(Records from a collection)
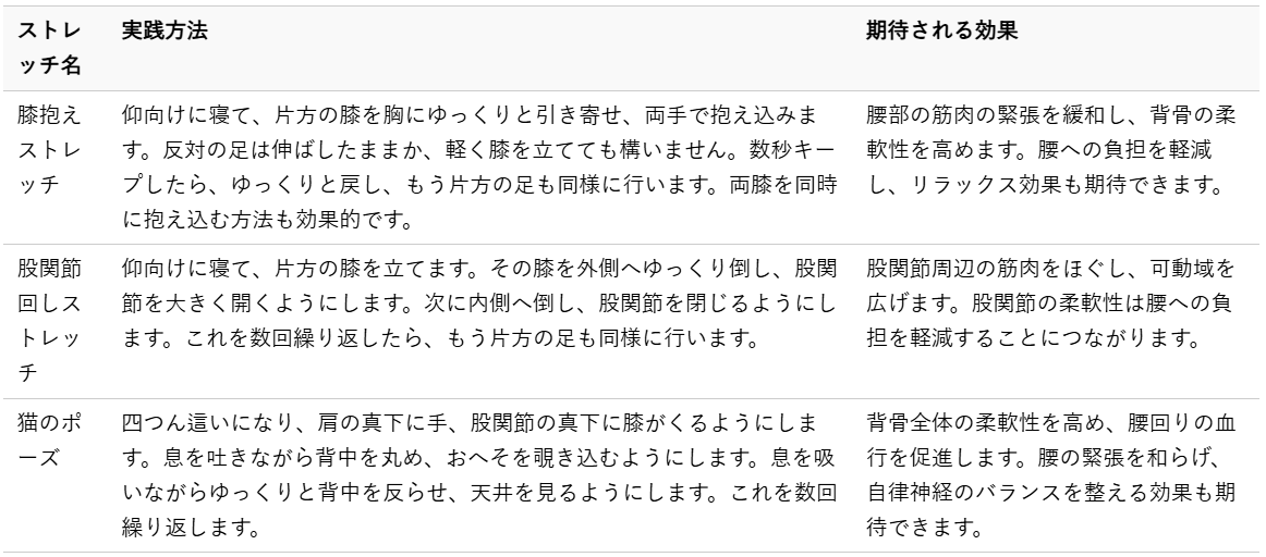 腰痛の改善には、寝方や寝具の見直しが非常に重要ですが、それだけでは不十分な場合があります。日々のセルフケアを取り入れることで、寝ている間に蓄積された体の負担を軽減し、腰痛の予防や緩和につなげることができます。特に、寝る前と起きた後に行う簡単なストレッチは、腰回りの筋肉をほぐし、血行を促進するために効果的です。また、日常生活での姿勢を意識することも、腰への負担を減らす上で欠かせない習慣となります。
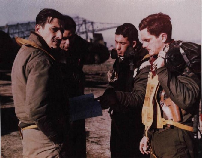 ![]() Acima: Pilotos brasileiros antes da decolagem. Da esquerda para a direita estão os únicos dois sobreviventes do 1º Grupo de Aviação de Caça, Brigadeiro Rui Moreira Lima (na esquina; 94 missões de combate na Itália) e Brigadeiro José Rebelo Meira de Vaconcelos ACERVO BRIGADEIRO MEIRA
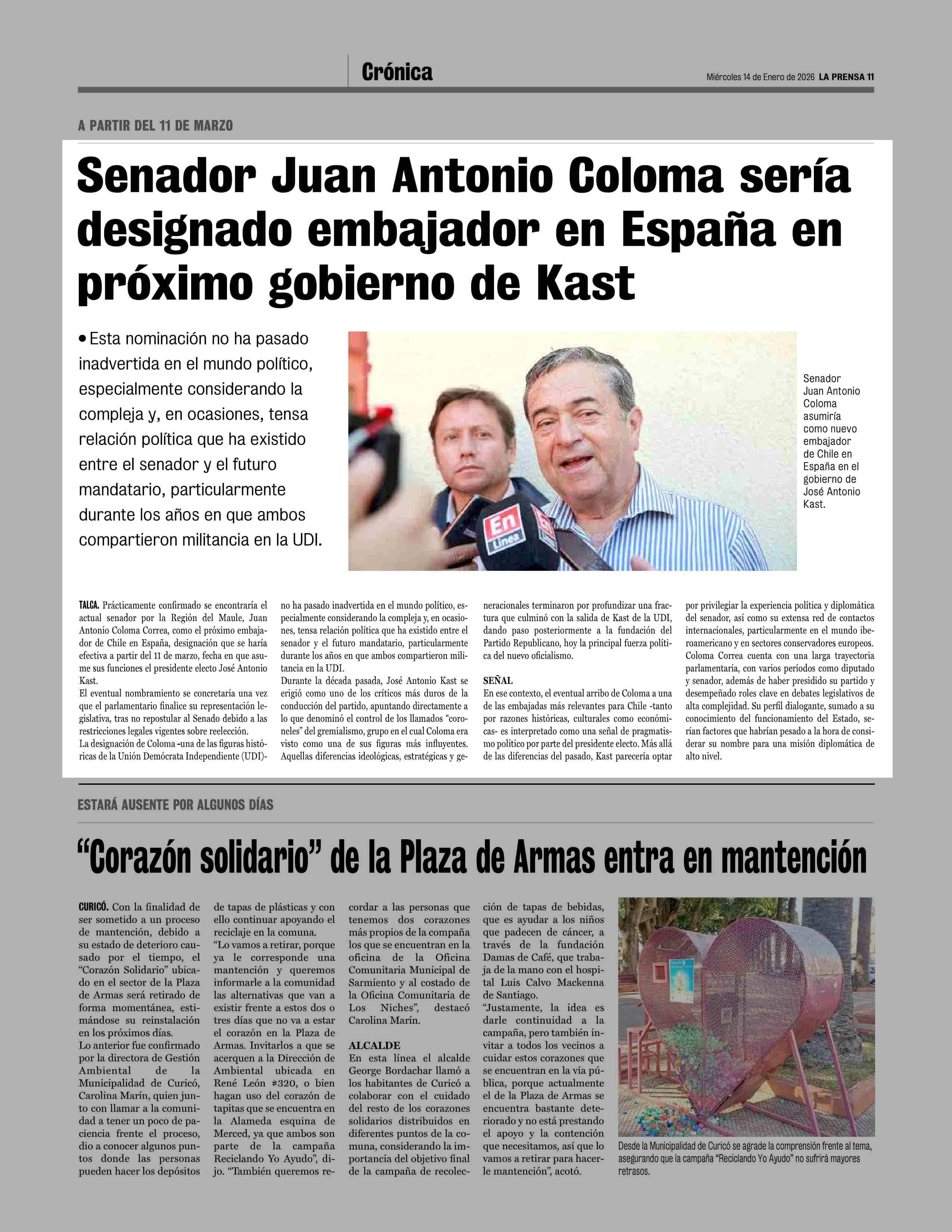 14-01-2026 La Prensa de Curicó
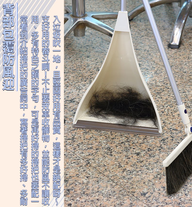 塑鋼錐形包覆,灰塵不漏出。特殊材質軟膠條,可完美貼合地面。 握桿材質鋁合金,輕巧不費力。 貼心設計掃把夾,收納沒煩惱。
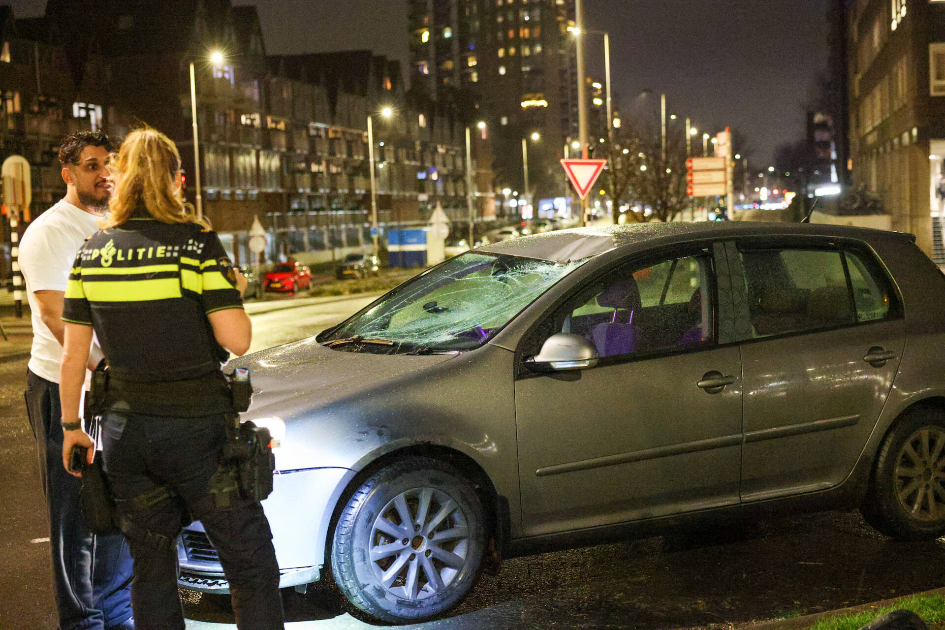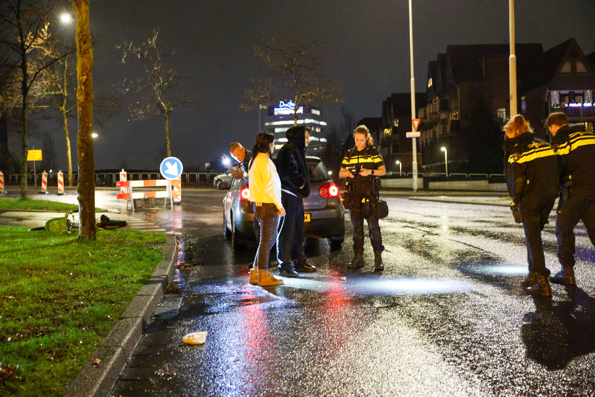 De auto raakte beschadigd en mocht niet verder rijden. De drie inzittenden moesten hun weg te voet vervolgen.

| Work to complete |
Your copy of the records must match them exactly, except that no pictures appear in it.

| Solution to this exercise |
 腰痛の改善には、寝方や寝具の見直しが非常に重要ですが、それだけでは不十分な場合があります。日々のセルフケアを取り入れることで、寝ている間に蓄積された体の負担を軽減し、腰痛の予防や緩和につなげることができます。特に、寝る前と起きた後に行う簡単なストレッチは、腰回りの筋肉をほぐし、血行を促進するために効果的です。また、日常生活での姿勢を意識することも、腰への負担を減らす上で欠かせない習慣となります。
 ![]() Acima: Pilotos brasileiros antes da decolagem. Da esquerda para a direita estão os únicos dois sobreviventes do 1º Grupo de Aviação de Caça, Brigadeiro Rui Moreira Lima (na esquina; 94 missões de combate na Itália) e Brigadeiro José Rebelo Meira de Vaconcelos ACERVO BRIGADEIRO MEIRA
 14-01-2026 La Prensa de Curicó
 塑鋼錐形包覆,灰塵不漏出。特殊材質軟膠條,可完美貼合地面。 握桿材質鋁合金,輕巧不費力。 貼心設計掃把夾,收納沒煩惱。
 De auto raakte beschadigd en mocht niet verder rijden. De drie inzittenden moesten hun weg te voet vervolgen.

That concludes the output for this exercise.